### Dataset section
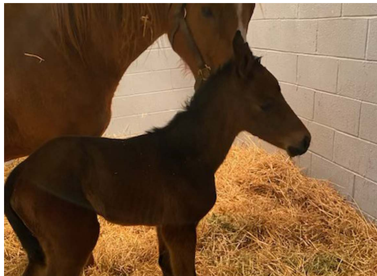
Maxfield --Hot N Hectic filly

Accomplishments: Dam of Carson's Run (Cupid), GISW, $324,529.
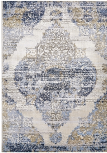
WHITE / LIGHT BLUE
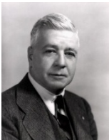
Thomas Rivers portrait, APSimg751

### Problem requirements
Beginning with the line that holds "WHITE / LIGHT BLUE", write out exactly the lines down to the end of the material above, and no others. Pictures are not part of the copy.

### Response to the task
WHITE / LIGHT BLUE
Thomas Rivers portrait, APSimg751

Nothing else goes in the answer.